#### What you are asked to do
What is needed is an exact transcription of the line containing "5.本次活動獎勵不得重複領取,例如儲值達1萬,只能領取一次A的道具獎勵。" and every line after it through the end of the entries below, with no pictures.

[Stored data]
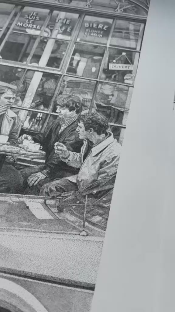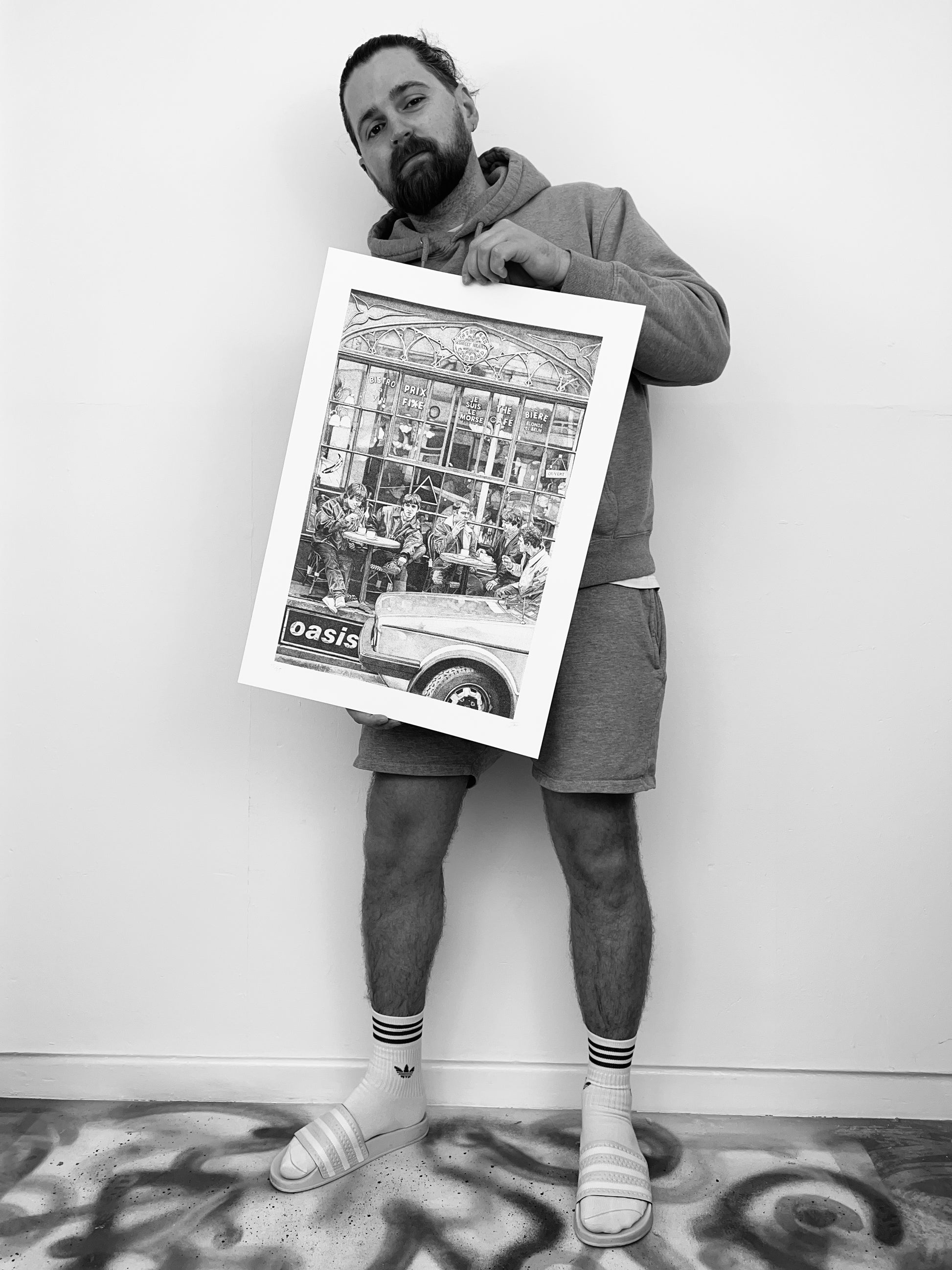 This A2 pointillist pen drawing of Oasis having a cuppa outside a cafe took me bloody ages to finish so I decided to make prints.
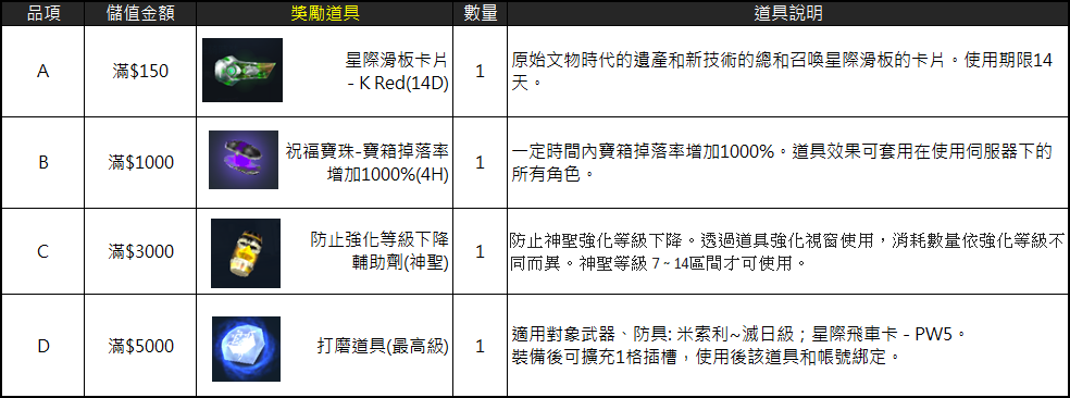 5.本次活動獎勵不得重複領取,例如儲值達1萬,只能領取一次A的道具獎勵。
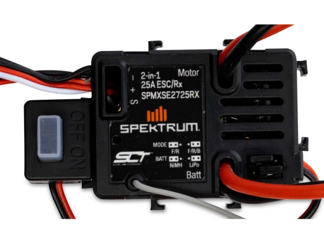 Spektrum stejnosměrný regulátor 25 A s přijímače SLT pro RC menší RC modely aut v měřítku 1:18. Konektor pro zapojení akumulátoru IC2.
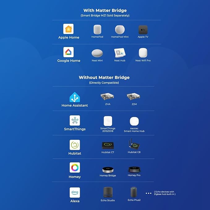 - Zigbee Standard Compatible:Works with compatible Zigbee hubs or Echo devices with Zigbee hub built-in, such as Echo (4th Gen), Echo Plus (1st Gen and 2nd Gen), Echo Studio, Eero 6, Eero Pro 6, Home Assistant, SmartThings 2015/2018, Aeotec, Homey, Hubitat, Homey Bridge, Homey Pro and Third Reality Hub, Smart Bridge MZ1, Compatibility is assured for equipment mentioned.For items not listed, their compatibility remains unconfirmed, so we advise proceeding with caution. NOTE: ZigBee Hub is required and sold separately.
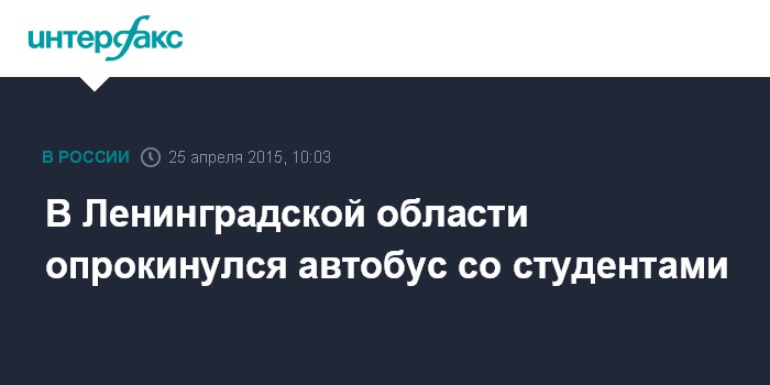 Москва. 25 апреля. INTERFAX.RU - Туристический автобус, в салоне которого находились более 40 студентов, опрокинулся на трассе под городом Волхов в Ленинградской области, сообщили "Интерфаксу" в региональном управлении ГИБДД в субботу.
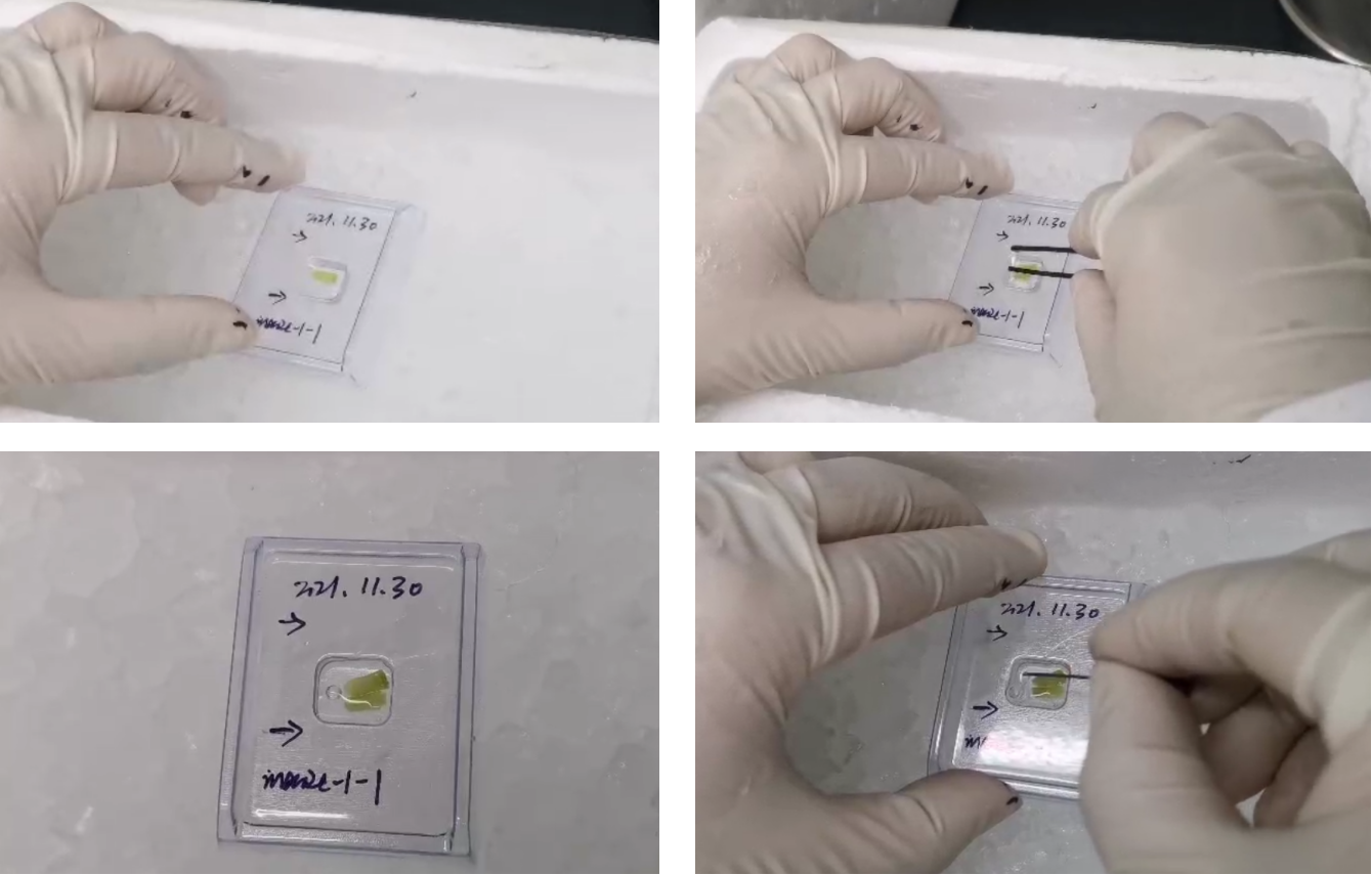 將包埋盒(冷凍切片OCT包埋盒,7x7x5mm)放置在冰上,標(biāo)記包埋盒(組織放置的方向、樣品名稱等)(可拍照記錄),在包埋盒底部加入適量的OCT包埋劑(美國櫻花OCT冷凍切片包埋劑SAKURA ,貨號:4583,規(guī)格:118 mL/瓶),約1/4深度,微凝固后待用,防止組織沉底直接接觸包埋盒底部;

#### Response to the exercise
 5.本次活動獎勵不得重複領取,例如儲值達1萬,只能領取一次A的道具獎勵。
 Spektrum stejnosměrný regulátor 25 A s přijímače SLT pro RC menší RC modely aut v měřítku 1:18. Konektor pro zapojení akumulátoru IC2.
 - Zigbee Standard Compatible:Works with compatible Zigbee hubs or Echo devices with Zigbee hub built-in, such as Echo (4th Gen), Echo Plus (1st Gen and 2nd Gen), Echo Studio, Eero 6, Eero Pro 6, Home Assistant, SmartThings 2015/2018, Aeotec, Homey, Hubitat, Homey Bridge, Homey Pro and Third Reality Hub, Smart Bridge MZ1, Compatibility is assured for equipment mentioned.For items not listed, their compatibility remains unconfirmed, so we advise proceeding with caution. NOTE: ZigBee Hub is required and sold separately.
 Москва. 25 апреля. INTERFAX.RU - Туристический автобус, в салоне которого находились более 40 студентов, опрокинулся на трассе под городом Волхов в Ленинградской области, сообщили "Интерфаксу" в региональном управлении ГИБДД в субботу.
 將包埋盒(冷凍切片OCT包埋盒,7x7x5mm)放置在冰上,標(biāo)記包埋盒(組織放置的方向、樣品名稱等)(可拍照記錄),在包埋盒底部加入適量的OCT包埋劑(美國櫻花OCT冷凍切片包埋劑SAKURA ,貨號:4583,規(guī)格:118 mL/瓶),約1/4深度,微凝固后待用,防止組織沉底直接接觸包埋盒底部;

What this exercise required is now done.